= Pola Sieverding =

German photographer and video artist

Pola Sieverding (born 1981) is a German photographer and video artist. She works in the field of lens based media.

== Education ==
Sieverding graduated in 2007 with an MFA from the Berlin University of the Arts where she studied under Stan Douglas, Ellen Cantor, Dieter Appelt, Sabeth Buchmann, and Katja Diefenbach. In 2002, she attended the Carnegie Mellon University in Pittsburgh, Pennsylvania and in 2005 the Surikov Art Institute in Moscow.

== Work ==
The artist's work questions traditional concepts of gender, culture, and normality; capturing both specific social spaces and the unique people who live in them. Sieverding's work primarily analyses the relationship between her subjects- individuals who range from women in traditional Islamic dress to drag queens, performance actors and the Berlin club scene- to their bodies. In recent years the artist has added to her work the depiction of equally unique architecture which is portrayed as means of being a specific social space. Continuously throughout the artist's work, materiality plays a significant role: be it elements of concrete and glass in Close to Concrete I and II, hair in To The Crowned And Conquering Child or textiles as in the photo series Text I-VI. In cooperation with Orson Sieverding, the artist develops electronic soundscapes for her installations which when projected onto her protagonists transform into urban echoes.
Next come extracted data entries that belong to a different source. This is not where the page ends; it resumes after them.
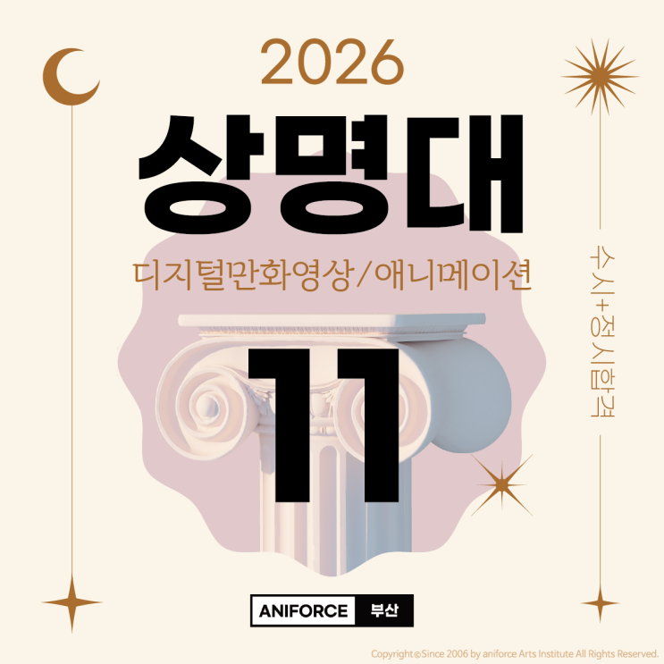 부산 대표 만화학원 부산 애니포스에서 <상명대 디지털만화영상/애니메이션과> 합격 소식을 전합니다. 2026년 상명대 11명 합격 상명대 디지털만화영상과는 칸만화를 전공하는 학생들에게 한예종 애니과와 함께 늘 로망처럼 이야기되는 학교입니다. 전국에서 칸만화를 가장 잘 그리는 학생들만이 합격할 수 있는 전형이기 때문에 상명대 디지털만화학과 합격자 명단은 그 만화학원의 칸만화 실기력을 증명하는 아주 중요한 기준이 되죠 2026년 부산 지역에서 칸만화 전형으로 상명대 합격자를 배출한 만화학원은 현재 부산 애니포스가 유일해요 그리고 하나 더 저희에게 정말 자랑스러운 결과 상명대 합격 전국만화학원 1위 부산 애니포스....... <img src="https://blogthumb.pstatic.net/MjAyNjAyMDdfMTgg/MDAxNzcwNDM3NDgzMDg5.UNi00kC-0nkhMXH0x7a7xs-g9Qr1NStA1PpSf3yddREg.KGMzyNetR-ZE-E6d48vYX5OnDEZOyNNl6LGrc7yr7RAg.PNG/2026_%C7%D5%B0%DD%C0%DA_%BD%E6%B3%D7%C0%CF_%BC%F6%BD%C3%2B%C1%A4%BD%C3%C7%D5%B0%DD%28%BB%F3%B8%ED%B4%EB%29.png?type=s3" />
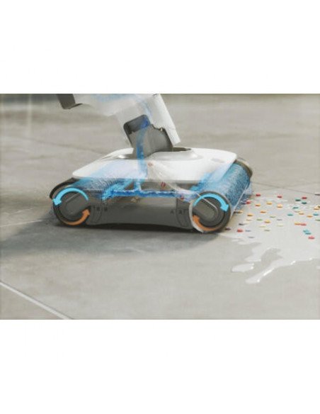 HW5 O primeiro aspirador Poeiras&Líquidos sem fio da Hoover proporciona o dobro da limpeza em metade do tempo, com um sistema de rolos duplos!
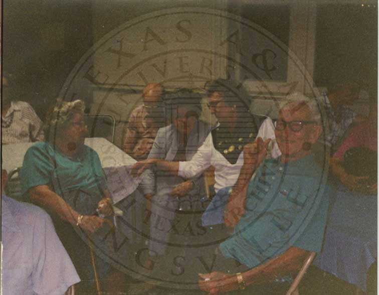 Kingsville County Historical Commission Minutes (meeting), MoPac Depot, Eddie Simons, Ruby Gustavson, Bud Andrews, Peggy Andrews, Emma Van Laningham (Background). |
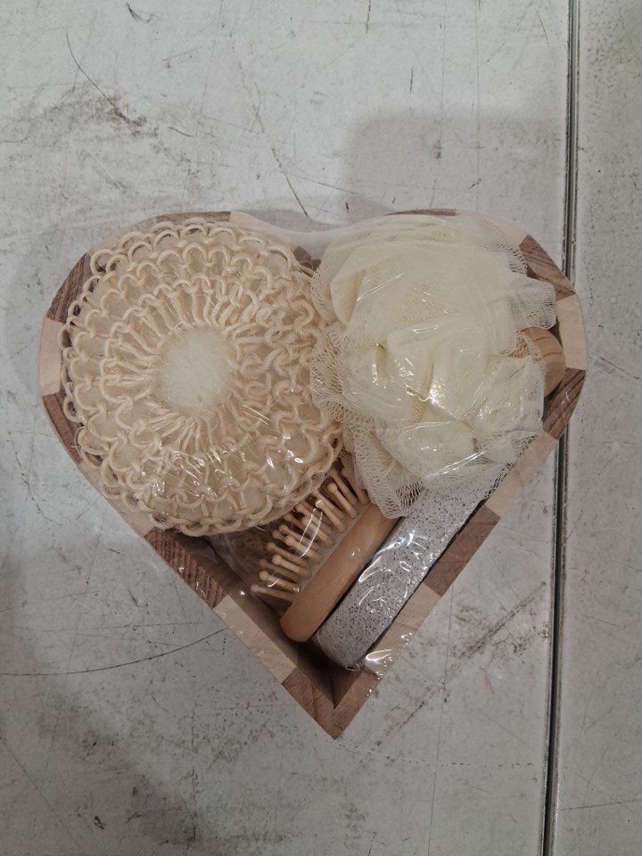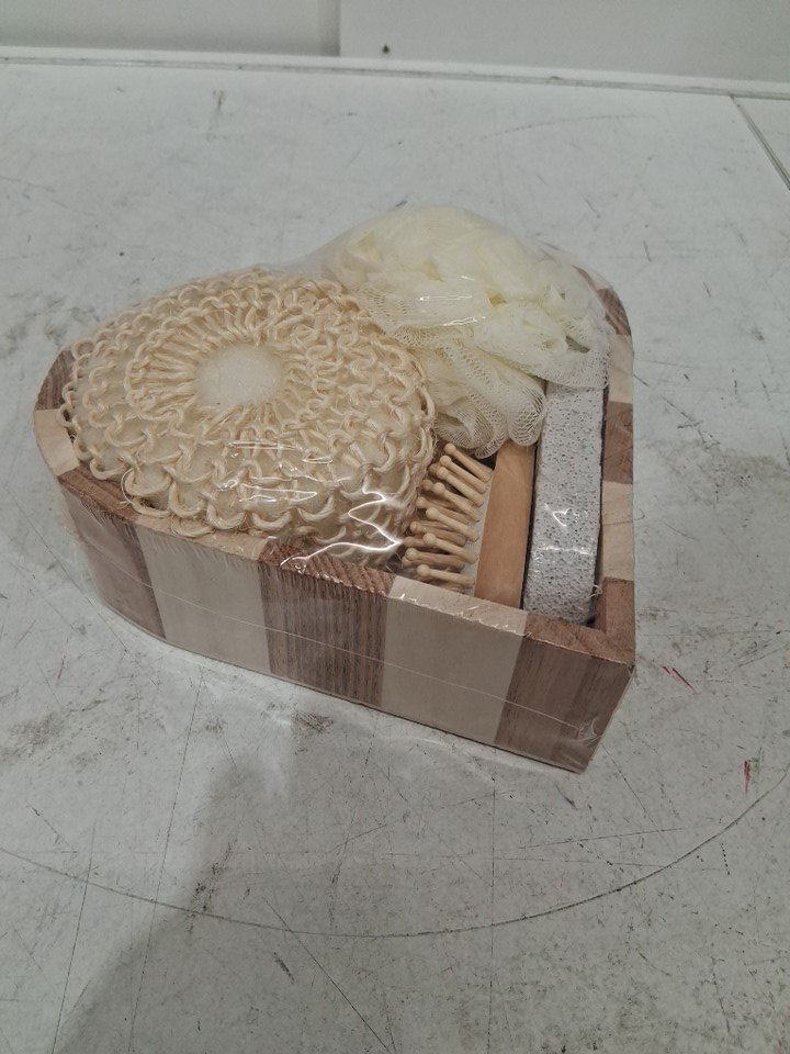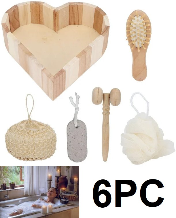 6PC BATH SHOWER home spa day relaxation set in heart tray - sisal bath sponge, pumice stone, comb, face massager, shower pouf - wood / naturals
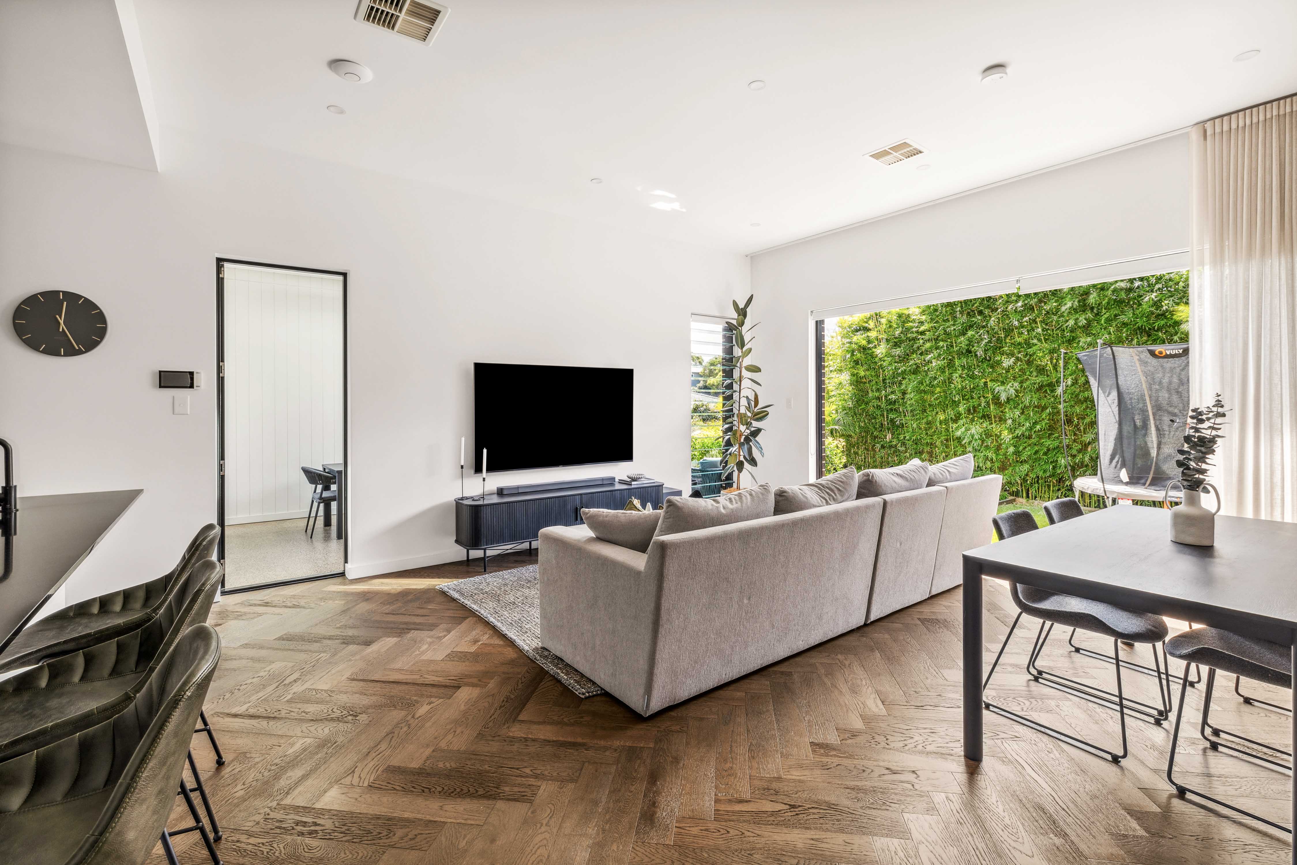 A contemporary duplex with an indoor/outdoor design and private backyard setting, immaculately presented throughout.
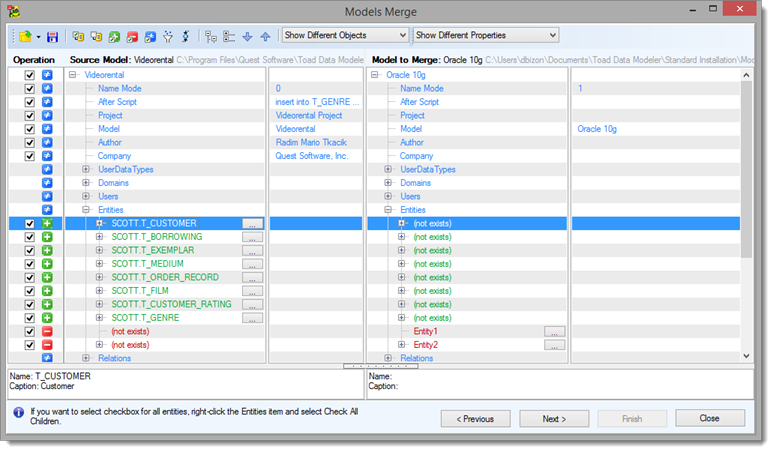 • Model Merge in the Model Actions - allows you to see differences between two models, select particular items to merge and merge the models either to already existing model or to a new model.
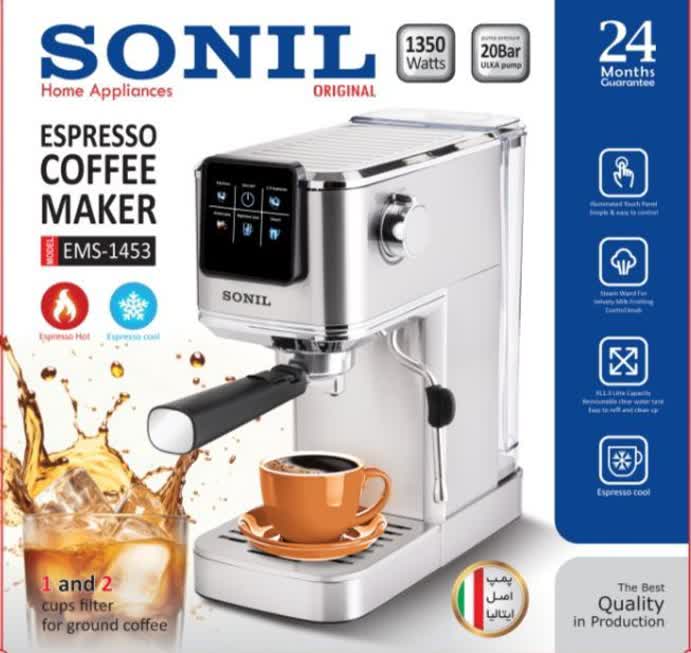 دستگاه SONIL EMS-1934 با بدنهٔ استیل برسخورده و طراحی مینیمال، برای کاربرانی ساخته شده که هم کیفیت عصارهگیری و هم سهولت استفاده را میخواهند. پمپ ۲۰ بار و فیلترهای دوگانه امکان استخراج یکنواخت و تولید کرمای مطلوب را فراهم میکنند، در حالی که نازل بخار دستی کنترل کامل روی فومگیری شیر را به کاربر میدهد. پنل لمسی روشن کاربری روزمره را ساده میکند و مخزن آب بزرگ ۱.۳ لیتر نیاز به پر کردن مکرر را کاهش میدهد.
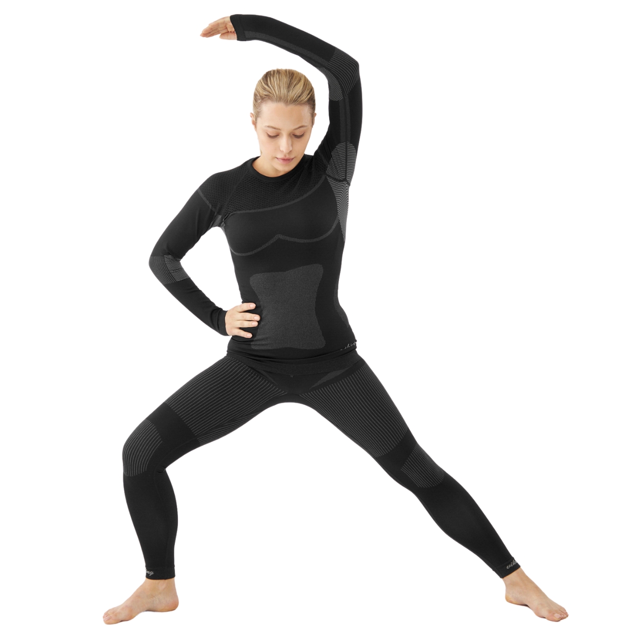 Bielizna termoaktywna damska Viking Ilsa, to bezszwowa, elastyczna konstrukcja, która dopasowuje się do ciała, pozostawiając pełną mobilność bez otarć i ucisku. Kompresyjny krój koszulki z długim rękawem i długich spodni, idealnie przylega do ciała. Szybkoschnący, oddychający materiał. Antybakteryjne i antyalergiczne właściwości. Wzmocnione strefy. Czarny model.
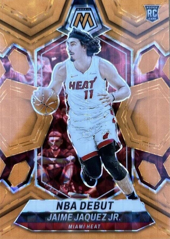 The Jaime Jaquez Jr. 2023 Mosaic #267 NBA Debut - Orange Fluorescent /25 Rookie card in Raw condition has not changed in price in the last 30 days and was last sold for $40.00 .
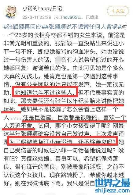 其中提到,说张颖颖没有公关团队,很无助,她知道自己斗不过那些人。那夫妻(汪小菲大S?)还有张兰,他们的头脑能把她(张颖颖)玩死。这样来看,张颖颖之所以不敢说出全部的事情,是怕自己斗不过那些人。
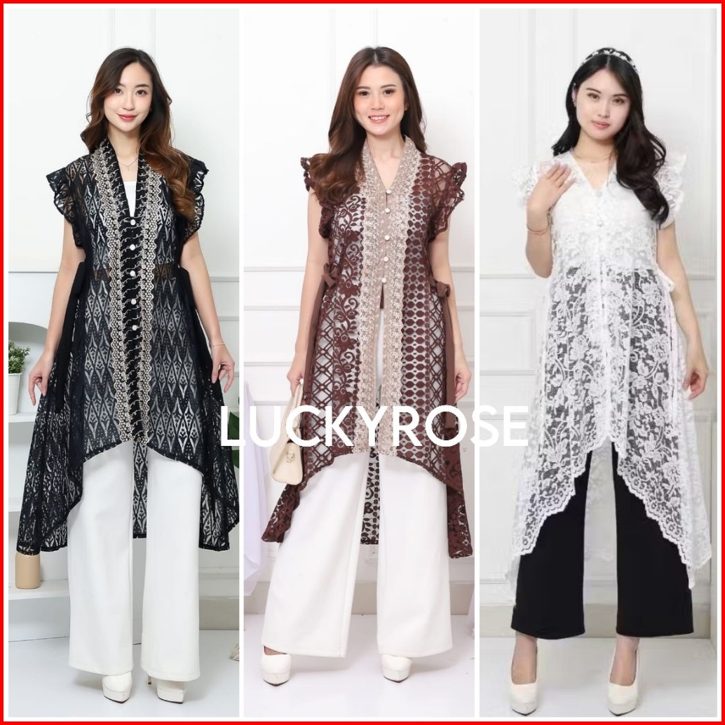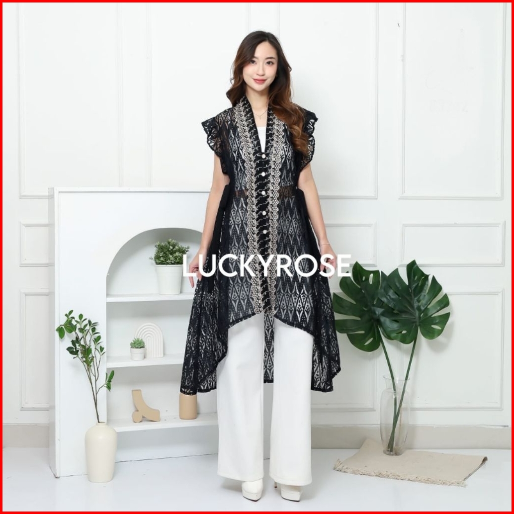 Poya Outer Brukat Cardigan Brokat Lengan Pendek Ruffle Atasan Outher Brukat Outer Brokat Kondangan Lebaran Outer Brocade
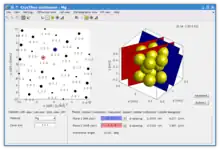 Graphical user interface provides user with two interactive views side by side. These views can display arbitrary combination of the four aforementioned visualization modes allowing to perceive their mutual relations. For instance, rotation of the atomic structure in direct space leads (if set so) to an instant update of the simulated diffraction pattern. If any diffraction spot is selected, corresponding crystallographic planes are shown in the unit cell etc. Such interconnections are implemented for each pair of the four available visualization modes. The electronic visualization allows to simplify understanding of widely used, yet less intuitive representations such as the inverse pole figure. For instance by drawing the coloured triangle of the inverse pole figure into the stereographic projection or to the more intuitive 3D atomic structure.[1]
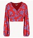 Korte wikkeltop met ballonmouw in een rood, paars gebloemde print van het merk Harper & yve.
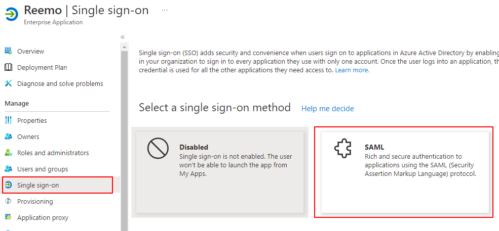 Ouvrez l’application et allez dans Single sign-on > sélectionnez SAML.
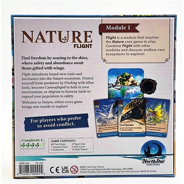 This module adds a separate deck to the base game, 'nest' components, new flight traits, a fifth round to gameplay, and The Faraway Place where species can now migrate.

2019 the artist, who also works as a curator, joined the team to help set up the art festival Düsseldorf Photo Plus. She became one of the artistic directors in 2020, 2022 and 2022, creating exhibitions, film programs, and symposia.

== Grants ==
Sieverding has won an art grant from the Senate of Berlin twice, in 2008 and 2014. In 2011 Sieverding was invited as an artist in residence at the Meet Factory in Prague, the Maumaus in Lisbon, and as a visiting lecturer at the International Art Academy in Ramallah, Palestine where she received an art grant from the Anna Lindh Foundation. Today the artist resides and works in Berlin.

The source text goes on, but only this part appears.